Note 6.   Comprehensive loss

   The Company had no items of other comprehensive income to report
through December 31, 1999.

                                  -7-
<PAGE>

Note 7.   New accounting pronouncements

   In June 1998, the Financial Accounting Standards Board (FASB) issued
SFAS No. 133, "Accounting for Derivative Instruments and Hedging
Activities." This statement requires companies to record derivatives on the
balance sheet as assets or liabilities, measured at fair value. Gains or
losses resulting from changes in the values of those derivatives would be
accounted for depending on the use of the derivative and whether it
qualifies for hedge accounting. SFAS No. 133 will be effective for the
Company's fiscal year ending June 30, 2001. The Company believes that this
statement will not have a significant impact on its financial results.

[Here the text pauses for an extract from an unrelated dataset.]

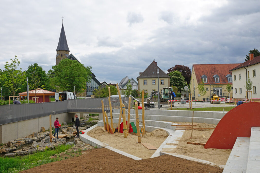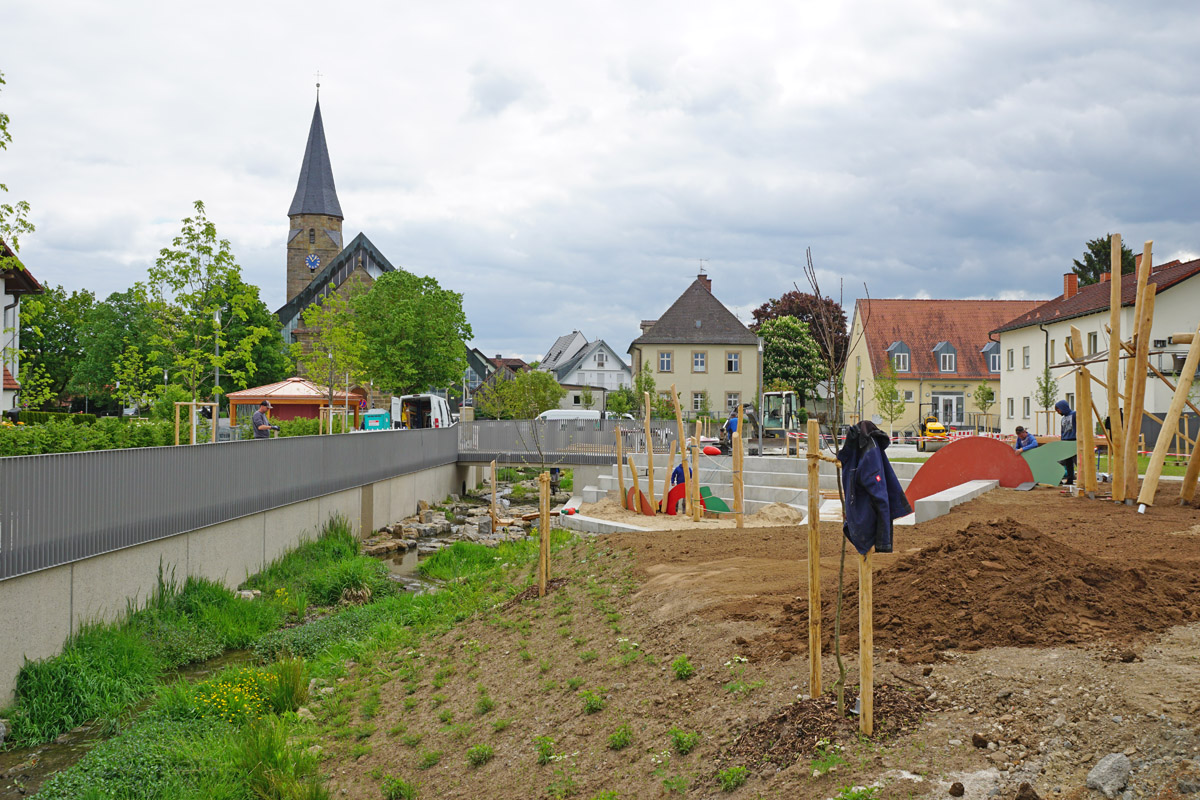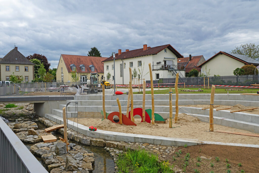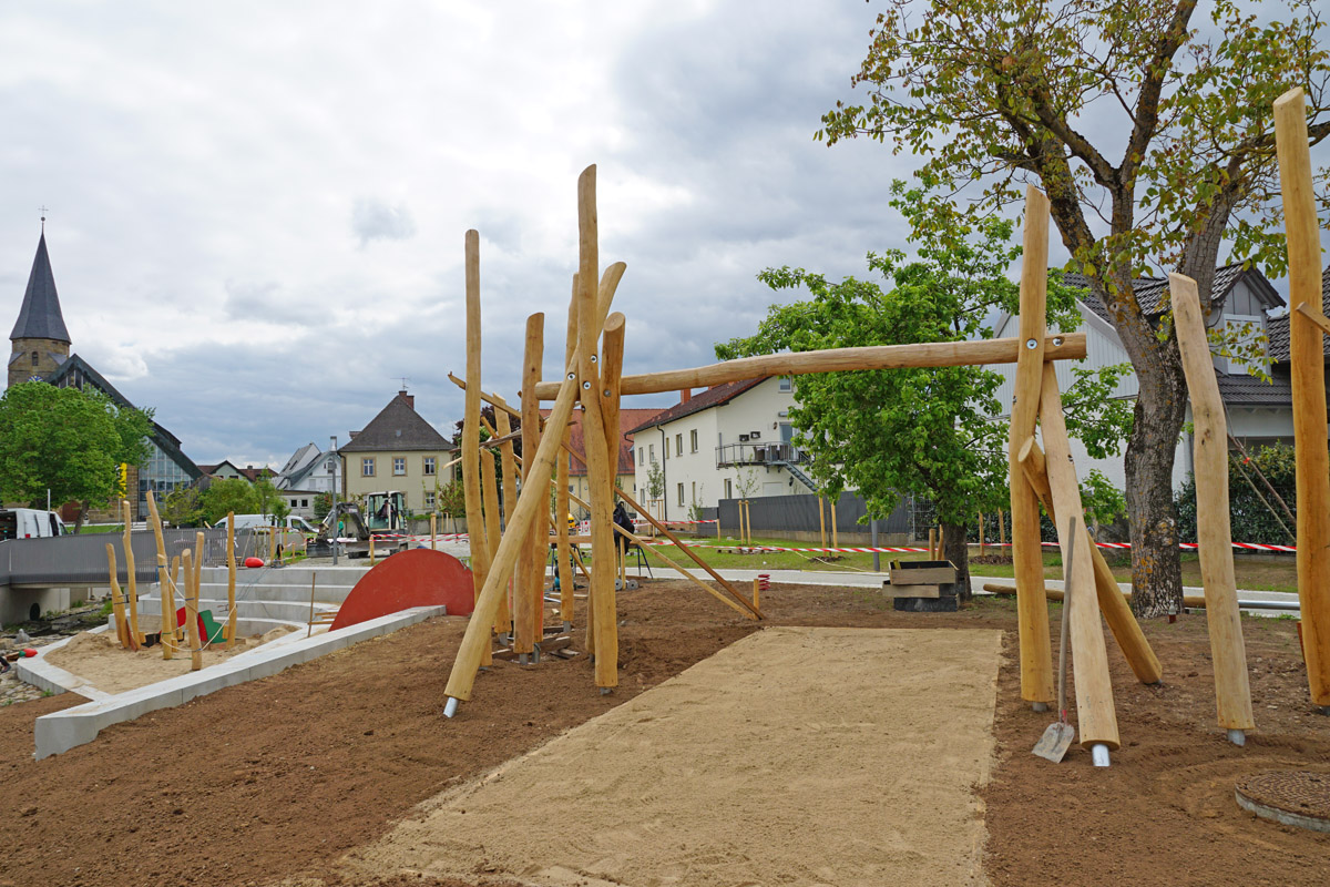 Bauamtsleiter Markus Schmitt betont beim Rundgang, der entlang des Güßbachs bis zur Bühlstraße, am Spielplatz vorbei über den Festplatz und wieder zurück zum Rathaus führt, wie schwierig die Baustelle oft war. Denn unter „laufendem Betrieb“ zu bauen ist immer etwas ganz anderes als etwa ein Neubaugebiet hochzuziehen. Das Wasser im nun geöffneten Güßbach lässt sich nicht einfach stoppen, unter der Erde finden sich zahlreiche Ver- und Entsorgungsleitungen – aus diesem Grund begann die Planung schon im Untergrund. Noch vor wenigen Tagen war Schmitt mit seinem Sohn selbst am Bachlauf aktiv, um Sand zu entfernen, der sich beim Abstrahlen des Pflasters angesammelt hatte. Viele Stunden hat er auf der Baustelle verbracht, vom Rathaus dank der Nähe immer wieder vorbeigeschaut. Nun steht er zusammen mit Reinfelder unterhalb des Spielplatzes an einer Stelle, wo früher die Autos auf der Austraße vorbeifuhren – und begutachtet den spielerisch inszenierten Rübenwaschplatz. Ein solcher fand sich hier, wenige Meter entfernt, früher wirklich einmal. Eine tolle historische Reminiszenz.
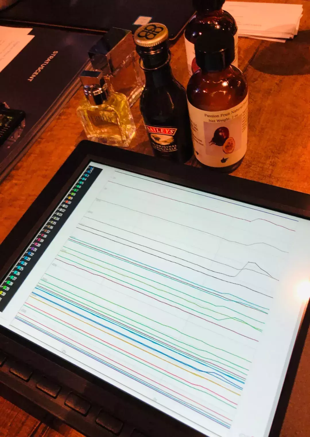 图:当芯片靠近有味道的东西,例如酒或香水,AI 就会实时侦测气体中有哪些化学物质(图片来源:DT 君)

Note 8.   Subsequent event

   On January 31, 2000, the Company completed the sale of 5 million shares
of its common stock at a price of $103.50 per share. Of the shares being
offered, 1,250,000 were sold by the Company and 3,750,000 were sold by
stockholders. Offering proceeds to the Company, net of underwriting
discount and aggregate expenses of approximately $7.4 million, were
approximately $122 million.

                                  -8-
<PAGE>

Item 2.  MANAGEMENT'S DISCUSSION AND ANALYSIS OF FINANCIAL CONDITION AND
         RESULTS OF OPERATIONS

   This report contains forward-looking statements within the meaning of
Section 27A of the Securities Act of 1933 and Section 21E of the Securities
Exchange Act of 1934. The forward-looking statements involve risks and
uncertainties. Actual results could differ materially from those projected
in the forward-looking statements as a result of certain factors, including
those set forth in this Item 2, those described elsewhere in this report
and those described in the Company's Registration Statement on Form S-1.
The Company assumes no obligation to update any forward-looking statements.

Overview

   We provide next generation Internet infrastructure solutions that are
designed to increase the performance, availability, scalability,
manageability and control of Web servers and Web data centers. Our products
include Web switches, server adapters and software that combine intelligent
Web session management with the high performance and availability of
leading networking infrastructure solutions. We refer to this combination
of capabilities as Web-working.

   We derive revenues primarily from direct product sales and sales to
original equipment manufacturers, or OEMs, and resellers. Revenues are
generally recognized upon product shipment unless significant Alteon
obligations remain. Revenues are recorded net of sales returns, and
allowances are calculated based on actual historical and expected results.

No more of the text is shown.